'''

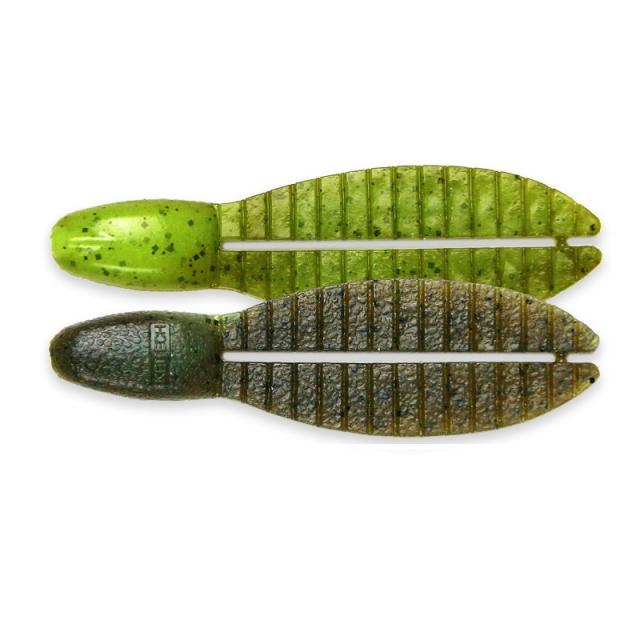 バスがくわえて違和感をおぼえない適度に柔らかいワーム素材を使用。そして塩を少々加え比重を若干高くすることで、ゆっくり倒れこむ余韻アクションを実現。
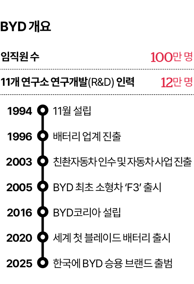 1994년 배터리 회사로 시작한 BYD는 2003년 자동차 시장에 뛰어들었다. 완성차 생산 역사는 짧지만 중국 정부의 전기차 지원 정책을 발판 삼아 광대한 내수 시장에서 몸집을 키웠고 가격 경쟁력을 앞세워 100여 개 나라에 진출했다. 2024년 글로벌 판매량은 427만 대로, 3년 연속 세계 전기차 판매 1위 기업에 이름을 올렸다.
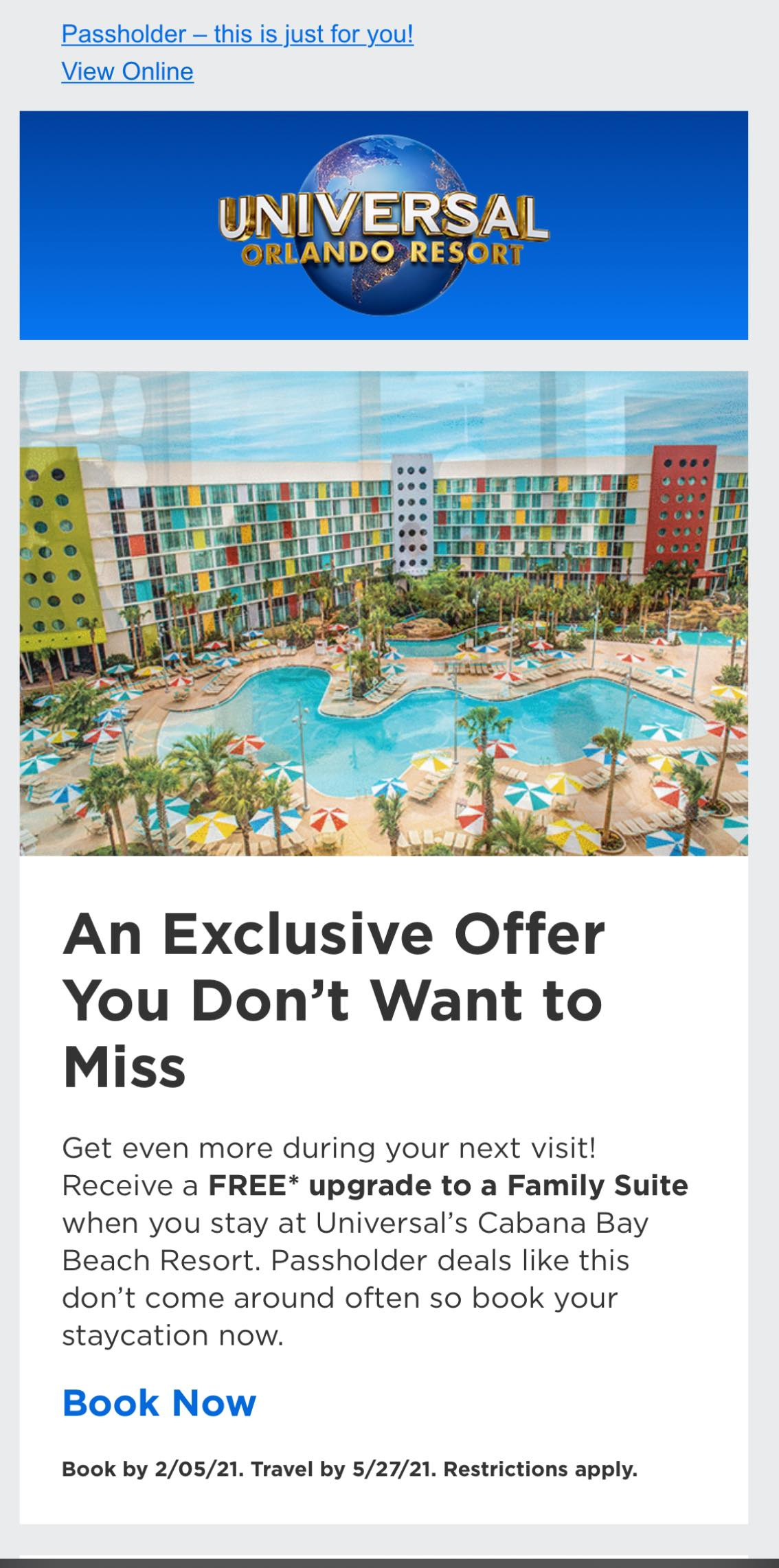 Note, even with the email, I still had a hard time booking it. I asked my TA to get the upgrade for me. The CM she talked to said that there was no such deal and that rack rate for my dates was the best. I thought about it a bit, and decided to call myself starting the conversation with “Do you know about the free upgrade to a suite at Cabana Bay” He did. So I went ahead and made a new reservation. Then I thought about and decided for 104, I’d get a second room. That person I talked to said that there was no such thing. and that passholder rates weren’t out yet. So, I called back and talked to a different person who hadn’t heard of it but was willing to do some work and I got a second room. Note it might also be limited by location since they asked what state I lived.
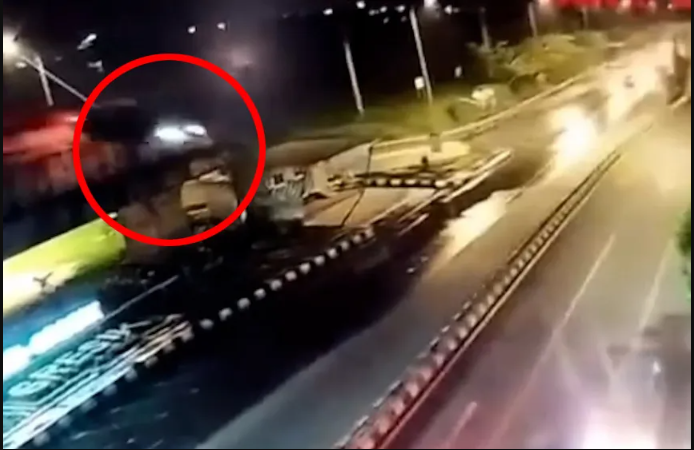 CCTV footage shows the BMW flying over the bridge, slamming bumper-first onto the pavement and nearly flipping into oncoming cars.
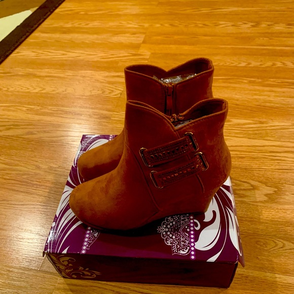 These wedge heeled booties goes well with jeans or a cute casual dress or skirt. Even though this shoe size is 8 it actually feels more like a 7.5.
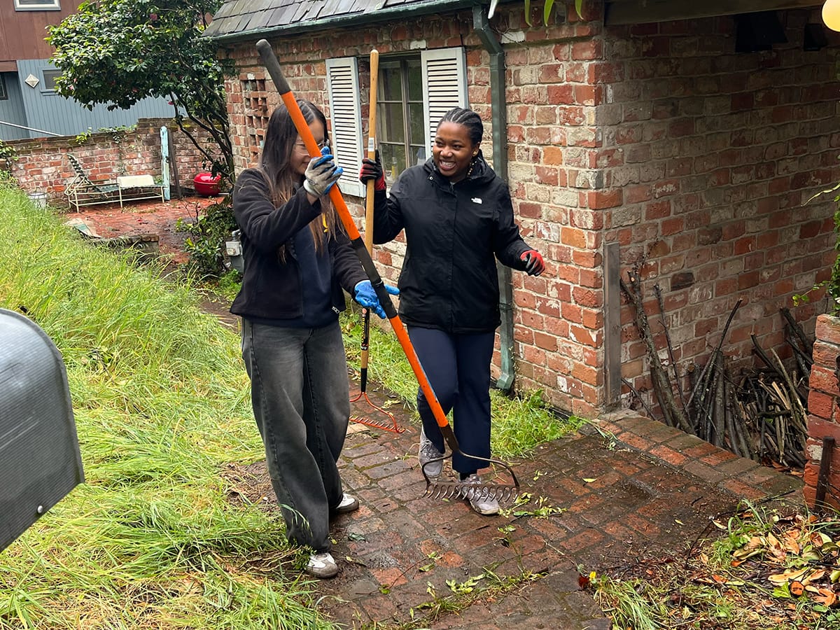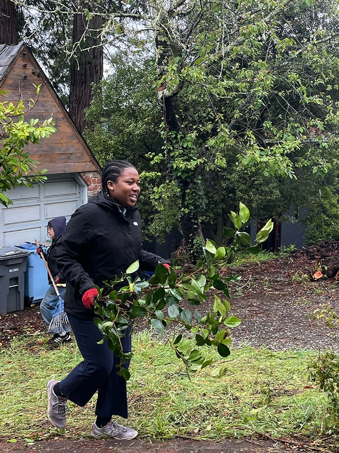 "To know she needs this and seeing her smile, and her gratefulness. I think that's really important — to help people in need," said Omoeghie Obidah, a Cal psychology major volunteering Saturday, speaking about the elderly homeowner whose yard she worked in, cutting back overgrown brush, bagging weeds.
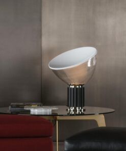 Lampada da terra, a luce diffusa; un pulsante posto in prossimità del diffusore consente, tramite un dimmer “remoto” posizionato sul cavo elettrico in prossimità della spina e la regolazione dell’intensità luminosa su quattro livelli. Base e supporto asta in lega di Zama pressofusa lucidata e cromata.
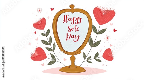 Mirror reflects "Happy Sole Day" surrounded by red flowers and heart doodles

'''
'''

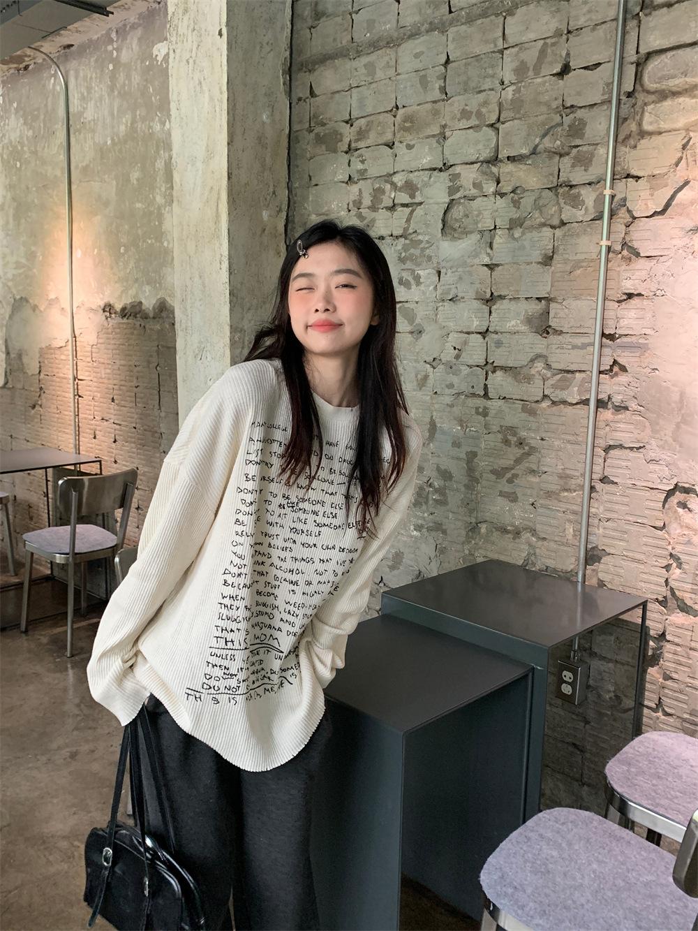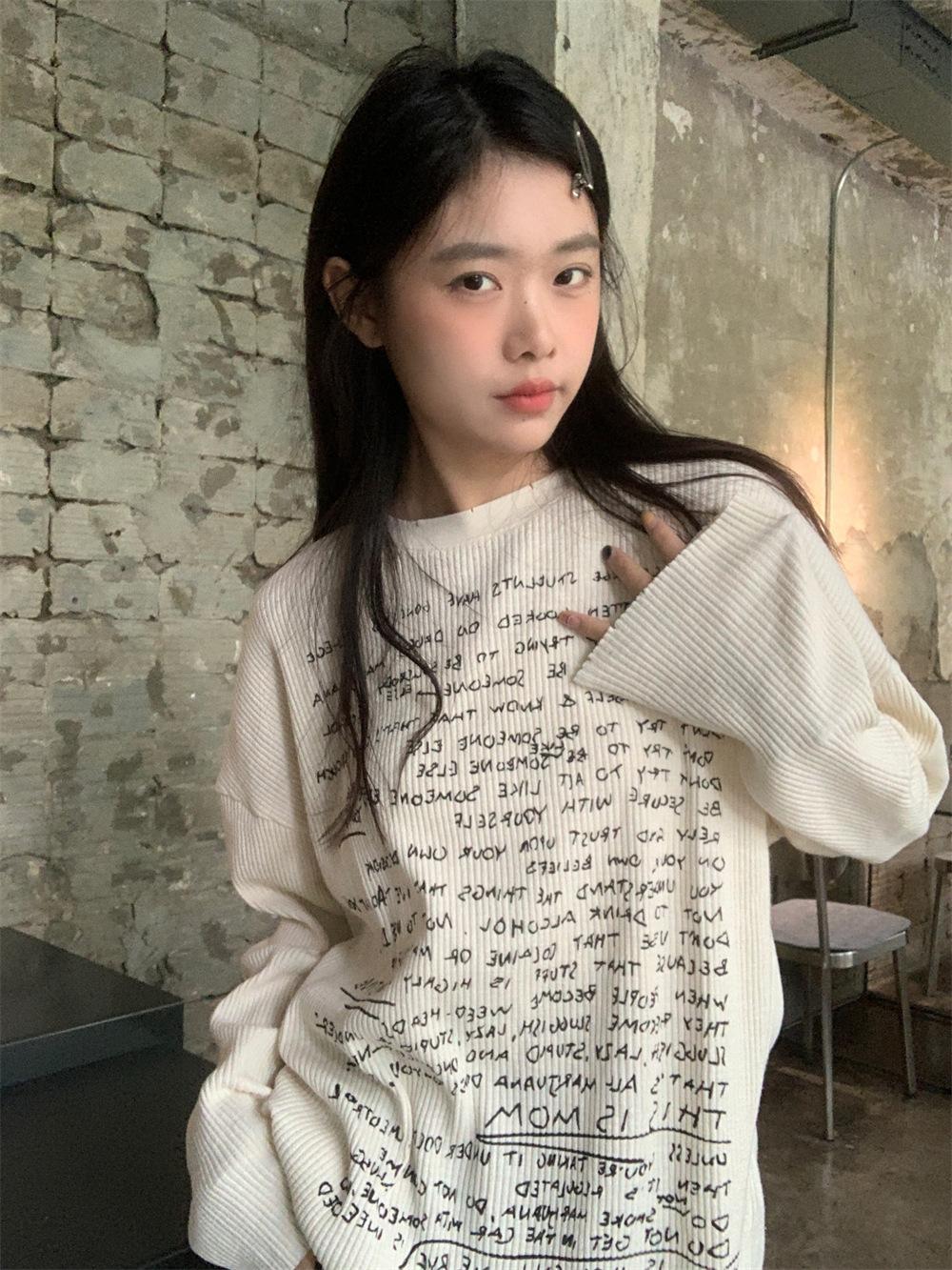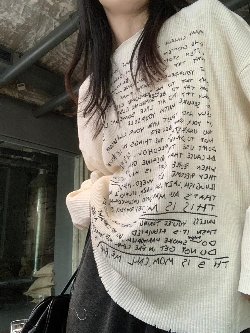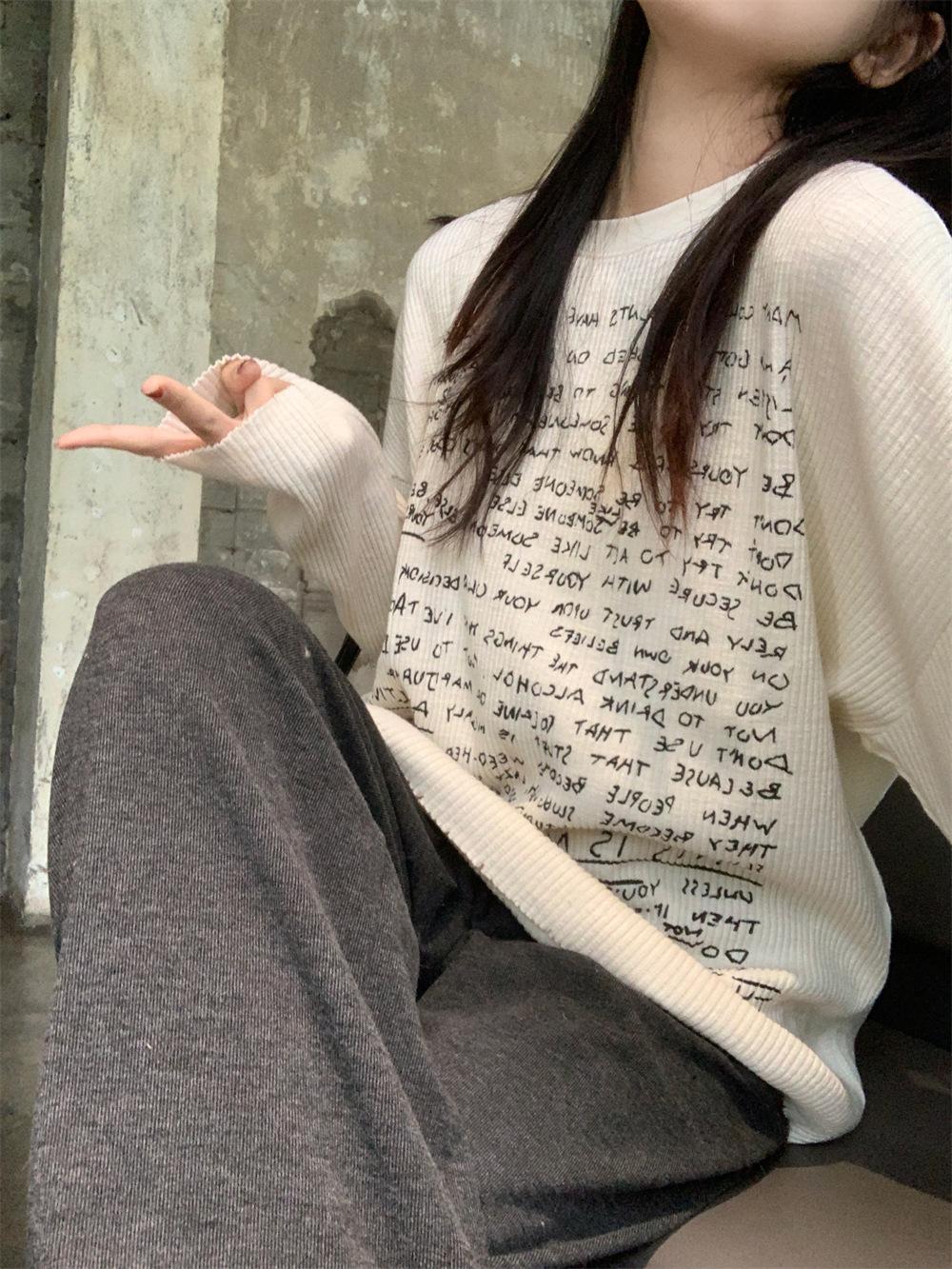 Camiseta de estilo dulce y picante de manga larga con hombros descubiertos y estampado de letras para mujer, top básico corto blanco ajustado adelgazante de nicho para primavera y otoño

'''

(Exercise objective):
Using the records above, return word for word the lines that begin at the one containing "バスがくわえて違和感をおぼえ" and end at the one containing "These wedge heeled", both of them included and no pictures.

(Completed exercise):
 バスがくわえて違和感をおぼえない適度に柔らかいワーム素材を使用。そして塩を少々加え比重を若干高くすることで、ゆっくり倒れこむ余韻アクションを実現。
 1994년 배터리 회사로 시작한 BYD는 2003년 자동차 시장에 뛰어들었다. 완성차 생산 역사는 짧지만 중국 정부의 전기차 지원 정책을 발판 삼아 광대한 내수 시장에서 몸집을 키웠고 가격 경쟁력을 앞세워 100여 개 나라에 진출했다. 2024년 글로벌 판매량은 427만 대로, 3년 연속 세계 전기차 판매 1위 기업에 이름을 올렸다.
 Note, even with the email, I still had a hard time booking it. I asked my TA to get the upgrade for me. The CM she talked to said that there was no such deal and that rack rate for my dates was the best. I thought about it a bit, and decided to call myself starting the conversation with “Do you know about the free upgrade to a suite at Cabana Bay” He did. So I went ahead and made a new reservation. Then I thought about and decided for 104, I’d get a second room. That person I talked to said that there was no such thing. and that passholder rates weren’t out yet. So, I called back and talked to a different person who hadn’t heard of it but was willing to do some work and I got a second room. Note it might also be limited by location since they asked what state I lived.
 CCTV footage shows the BMW flying over the bridge, slamming bumper-first onto the pavement and nearly flipping into oncoming cars.
 These wedge heeled booties goes well with jeans or a cute casual dress or skirt. Even though this shoe size is 8 it actually feels more like a 7.5.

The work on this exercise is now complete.